◆ Assignment
Using the records below, write out only the lines from the line containing "Вот и осталось" up to and including the line containing "1 - подставка", exactly, with no pictures.

◆ Supplied records
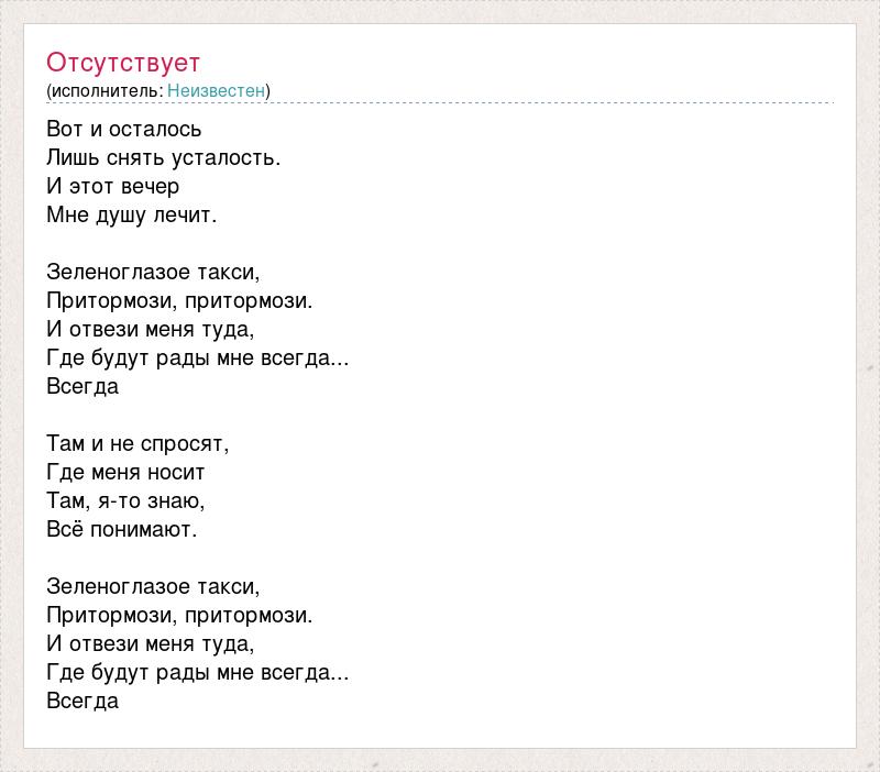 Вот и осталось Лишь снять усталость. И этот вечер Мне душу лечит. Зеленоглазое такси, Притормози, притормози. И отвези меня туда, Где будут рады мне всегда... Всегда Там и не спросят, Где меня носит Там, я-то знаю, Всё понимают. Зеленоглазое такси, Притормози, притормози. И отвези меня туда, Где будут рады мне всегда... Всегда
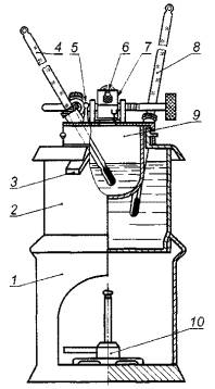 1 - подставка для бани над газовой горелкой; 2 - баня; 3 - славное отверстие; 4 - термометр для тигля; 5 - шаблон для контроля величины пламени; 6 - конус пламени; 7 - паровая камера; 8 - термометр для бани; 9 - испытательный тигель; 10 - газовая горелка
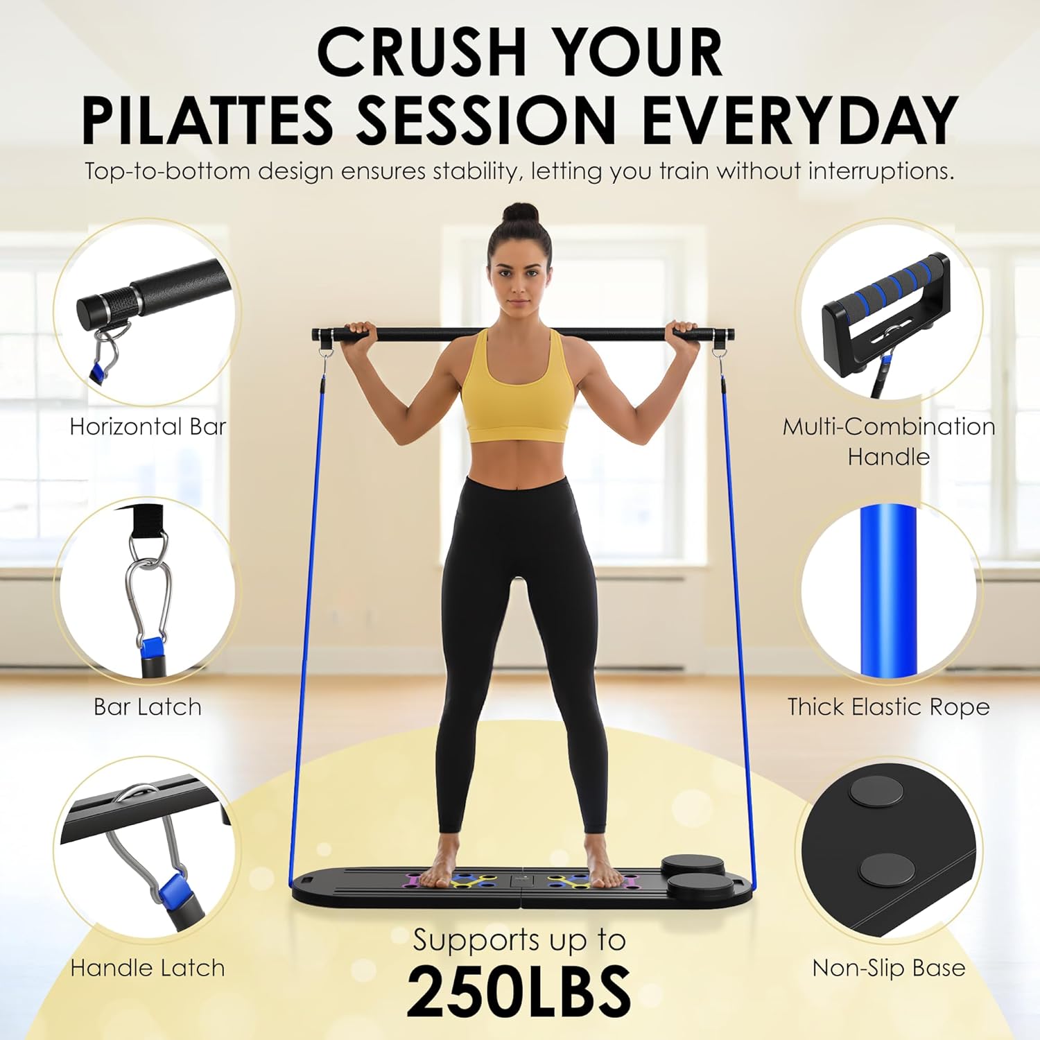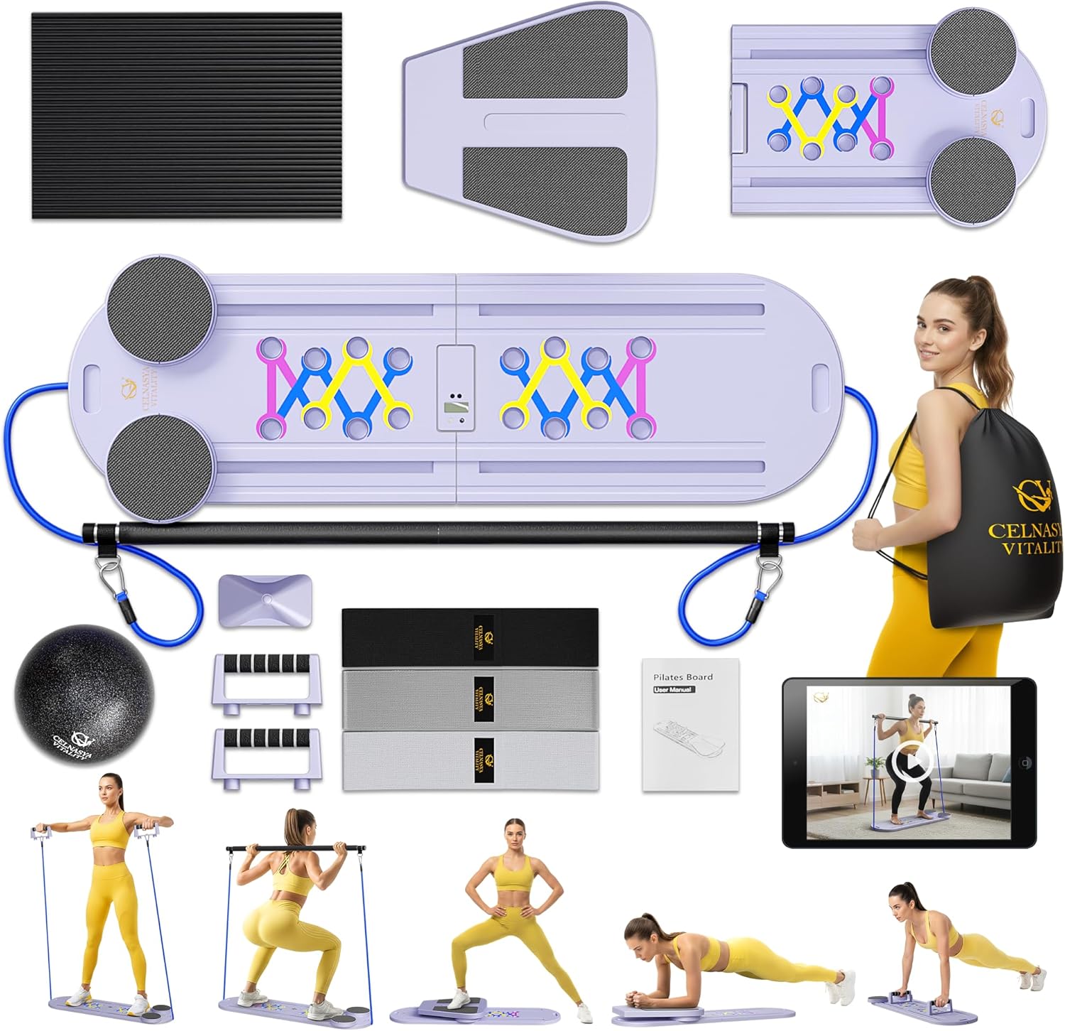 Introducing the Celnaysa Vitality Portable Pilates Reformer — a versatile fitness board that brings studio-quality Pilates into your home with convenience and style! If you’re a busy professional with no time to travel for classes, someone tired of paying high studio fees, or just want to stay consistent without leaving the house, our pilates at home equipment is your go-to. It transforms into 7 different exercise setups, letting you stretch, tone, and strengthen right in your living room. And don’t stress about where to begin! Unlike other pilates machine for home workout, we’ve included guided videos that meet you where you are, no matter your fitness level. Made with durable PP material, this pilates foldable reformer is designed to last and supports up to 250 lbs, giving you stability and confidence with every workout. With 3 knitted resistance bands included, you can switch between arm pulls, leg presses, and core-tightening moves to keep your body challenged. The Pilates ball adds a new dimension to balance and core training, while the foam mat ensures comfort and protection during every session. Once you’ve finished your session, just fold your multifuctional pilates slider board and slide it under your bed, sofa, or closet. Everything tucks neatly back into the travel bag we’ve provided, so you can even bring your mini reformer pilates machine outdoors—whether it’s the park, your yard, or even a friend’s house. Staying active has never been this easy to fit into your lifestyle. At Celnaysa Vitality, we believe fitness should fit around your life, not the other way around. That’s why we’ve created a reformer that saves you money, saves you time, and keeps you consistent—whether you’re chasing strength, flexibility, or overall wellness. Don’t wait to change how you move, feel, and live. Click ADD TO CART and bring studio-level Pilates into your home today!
--
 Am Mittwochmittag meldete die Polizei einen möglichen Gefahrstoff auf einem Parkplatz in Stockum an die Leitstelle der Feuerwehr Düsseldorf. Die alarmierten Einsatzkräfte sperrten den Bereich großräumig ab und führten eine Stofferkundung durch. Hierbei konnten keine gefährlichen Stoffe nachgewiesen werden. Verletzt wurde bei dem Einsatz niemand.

◆ Output of the exercise
 Вот и осталось Лишь снять усталость. И этот вечер Мне душу лечит. Зеленоглазое такси, Притормози, притормози. И отвези меня туда, Где будут рады мне всегда... Всегда Там и не спросят, Где меня носит Там, я-то знаю, Всё понимают. Зеленоглазое такси, Притормози, притормози. И отвези меня туда, Где будут рады мне всегда... Всегда
 1 - подставка для бани над газовой горелкой; 2 - баня; 3 - славное отверстие; 4 - термометр для тигля; 5 - шаблон для контроля величины пламени; 6 - конус пламени; 7 - паровая камера; 8 - термометр для бани; 9 - испытательный тигель; 10 - газовая горелка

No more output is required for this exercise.